Out of the Grey CD cover

Q. So about that girl. When I first met you at Berklee College of Music in 1985, you played me a song you wrote called, “Empty Pages.” I think I started falling in love with you after hearing that song: it was so emotional and romantic. Although I was already working on my craft, you inspired me with yours. We didn’t co-write until a few years after that. But aren’t you glad we did?

A. Yes!

Q. Okay, tell me about your strengths as a songwriter, and how do they show up in our Out of the Grey music?

A. It’s taken me a long time to develop and embrace my strengths as a songwriter. As a younger songwriter, I had very little faith in my ability to present and complete an idea, even when we worked together in Out of the Grey. I was always good for a title, a verse here or there, an effective bridge, and the guitar parts to hang it all on.

You were very prolific from the start, so I was always happy to give your songs some guitar muscle or help edit and shape an already excellent idea. Then there were what I call your small beautiful songs, ones that needed no help at all from me. They were usually the super-fan favorites and deep album cuts. It was always a pleasure to collaborate with someone who is as meticulous with the craft as you. Your melody writing, interesting harmonic structures, and care for every word of a lyric inspired me to write more and get better. And that’s the truth.

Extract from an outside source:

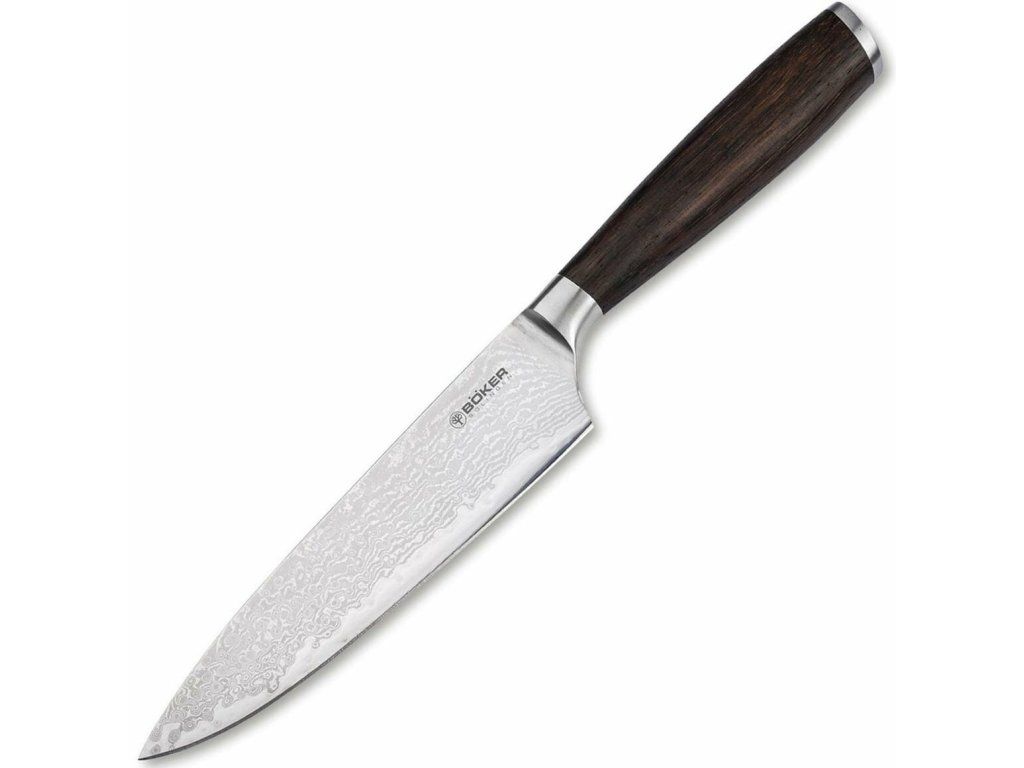 Menší šéfkuchársky nôž Böker Manufaktur Solingen Chef Knife zo série Meisterklinge Damast je základným nožom v každej kuchyni. Nakrája mäso, zeleninu, ovocie i ryby.

As time has gone by and I’ve shifted focus into my music licensing company, Global Genius Productions, I’ve had a lot more opportunity to write for all manner of situations and I’ve been able to grow immensely as a writer. I got better in the second act and I’m really grateful to have had one!

Q. Will you tell a story about one of your favorite OOTG songwriting experiences?

A. Uh oh. Too many to list just one:

  • I remember sitting in our first little apartment writing “The Deep” for our first project. So simple. so lovely. I can also feel the stretch of finding that hard-to-grab first guitar chord in “He Is Not Silent.” That was a couple of years before anyone cared or would ever hear our first album.
  • Writing for the second album, I remember the first time you played me “Dear Marianne.” We were backstage before our opening set at a Charlie Peacock concert. You played it for me on the dressing room piano. One of your perfect songs that needed no help from me.
  • The night we recorded “All We Need” for Diamond Days. I remember feeling like we had gained entrance to an exclusive club that night. The amount of talent assembled in the studio to record a song that we had written was overwhelming. I cut the guitar solo later that evening after everyone went home. My favorite solo of the few I’ve ever recorded.
  • We wrote “So We Never Got To Paris” sitting at our kitchen table in the first house we owned. I wrote down that title after turning down a trip to France to make a music video with Steve Taylor because you were pregnant with Carina. You ran with that title and wrote a killer lyric. I wrote a good guitar part too. 
  • I remember that we took a year off from touring to write the songs for See Inside, our fifth studio album. We were exhausted from being on the road and the pressure to deliver another album. But we dug down deep. I wrote a lot of the riffs for those songs on electric guitar trying to bring some muscle back into the music after the lighter pop Gravity album. 
  • “Shine Like Crazy” started as a guitar hook on my Gretsch 6120 in our music room. We needed a catchy radio song for our sixth album, 6.1. I came up with that bouncy riff and you sang your butt off on the tracking session. The kids loved that song and I remember dancing to the mix in our living room as a family. Wonderful memory of a great time in our family’s life.
  • It’s hard to pick one from our 2015 album, A Little Light Left, but one song that stands out for me is “Dropped Off,” which is a song about my dad. I feel like it took me my entire life to be able to write that song. I’m very proud of it. Also, “Travel Well” is a song where I gave myself a difficult task to solve a lyric problem and I think I pulled it off. It’s a love song to our life and our family and always chokes me up when the last verse comes around.
  • I feel like I have to mention your solo album, Becoming. Even though I didn’t really write anything on it, it’s one of my proudest achievements as a producer and editor. I remember that we worked especially hard on the background vocals and arrangements. I can’t believe that was 17 years ago.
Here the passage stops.